DATA EXCERPT below:
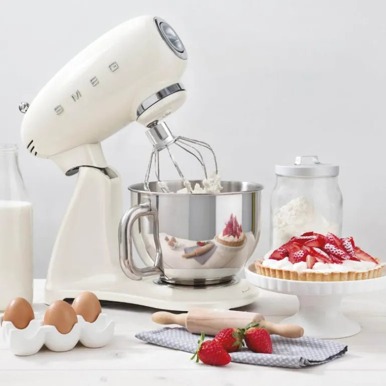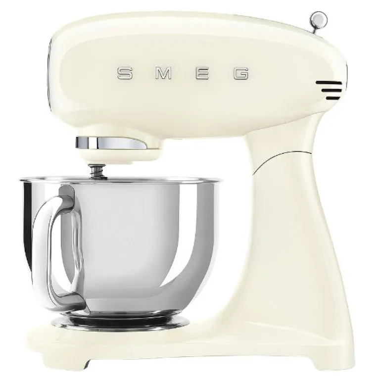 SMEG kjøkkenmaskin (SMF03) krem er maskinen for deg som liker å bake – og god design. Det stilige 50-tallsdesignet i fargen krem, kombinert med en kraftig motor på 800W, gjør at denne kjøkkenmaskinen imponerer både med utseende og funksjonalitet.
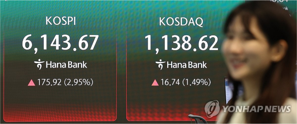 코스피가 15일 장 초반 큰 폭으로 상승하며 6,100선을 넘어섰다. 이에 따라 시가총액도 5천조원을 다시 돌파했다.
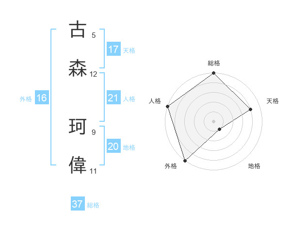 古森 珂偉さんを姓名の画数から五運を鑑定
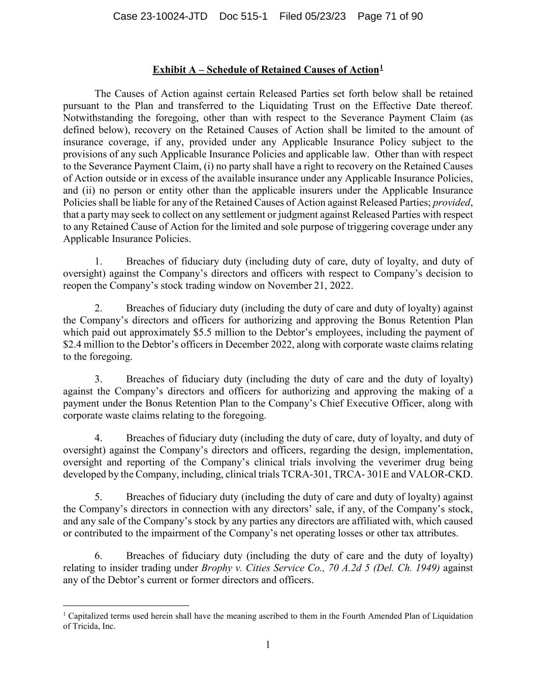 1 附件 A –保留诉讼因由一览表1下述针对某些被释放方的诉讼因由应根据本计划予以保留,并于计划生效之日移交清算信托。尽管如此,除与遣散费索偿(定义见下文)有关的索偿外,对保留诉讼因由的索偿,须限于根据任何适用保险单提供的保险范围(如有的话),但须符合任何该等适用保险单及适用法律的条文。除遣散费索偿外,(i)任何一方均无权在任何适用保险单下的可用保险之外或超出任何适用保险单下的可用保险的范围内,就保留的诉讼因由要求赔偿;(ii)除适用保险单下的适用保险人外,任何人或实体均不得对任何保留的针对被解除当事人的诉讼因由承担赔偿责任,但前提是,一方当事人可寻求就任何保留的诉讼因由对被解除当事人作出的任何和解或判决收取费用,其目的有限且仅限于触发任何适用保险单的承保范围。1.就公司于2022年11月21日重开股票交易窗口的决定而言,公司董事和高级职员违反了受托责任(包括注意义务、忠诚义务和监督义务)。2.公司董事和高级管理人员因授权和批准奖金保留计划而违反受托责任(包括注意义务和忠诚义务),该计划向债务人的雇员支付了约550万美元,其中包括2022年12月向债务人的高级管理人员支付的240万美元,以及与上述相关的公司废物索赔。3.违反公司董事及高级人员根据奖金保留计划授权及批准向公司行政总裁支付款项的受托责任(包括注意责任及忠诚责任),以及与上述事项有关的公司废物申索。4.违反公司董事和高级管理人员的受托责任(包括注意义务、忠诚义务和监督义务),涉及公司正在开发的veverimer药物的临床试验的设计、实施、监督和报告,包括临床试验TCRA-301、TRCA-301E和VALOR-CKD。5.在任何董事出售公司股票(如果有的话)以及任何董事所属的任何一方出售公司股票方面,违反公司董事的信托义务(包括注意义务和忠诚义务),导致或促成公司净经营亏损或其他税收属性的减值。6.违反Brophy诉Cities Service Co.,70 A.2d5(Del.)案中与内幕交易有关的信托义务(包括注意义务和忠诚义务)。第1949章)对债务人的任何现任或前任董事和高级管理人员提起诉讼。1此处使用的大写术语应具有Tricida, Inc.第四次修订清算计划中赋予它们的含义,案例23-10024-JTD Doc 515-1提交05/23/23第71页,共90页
End of DATA EXCERPT.
◆ TASK DESCRIPTION
Extract, word for word, each line from the top of the data down to and including the line with "古森 珂偉さんを姓名の画数から五運を鑑定"; skip the pictures.

◆ WRITTEN ANSWER
 SMEG kjøkkenmaskin (SMF03) krem er maskinen for deg som liker å bake – og god design. Det stilige 50-tallsdesignet i fargen krem, kombinert med en kraftig motor på 800W, gjør at denne kjøkkenmaskinen imponerer både med utseende og funksjonalitet.
 코스피가 15일 장 초반 큰 폭으로 상승하며 6,100선을 넘어섰다. 이에 따라 시가총액도 5천조원을 다시 돌파했다.
 古森 珂偉さんを姓名の画数から五運を鑑定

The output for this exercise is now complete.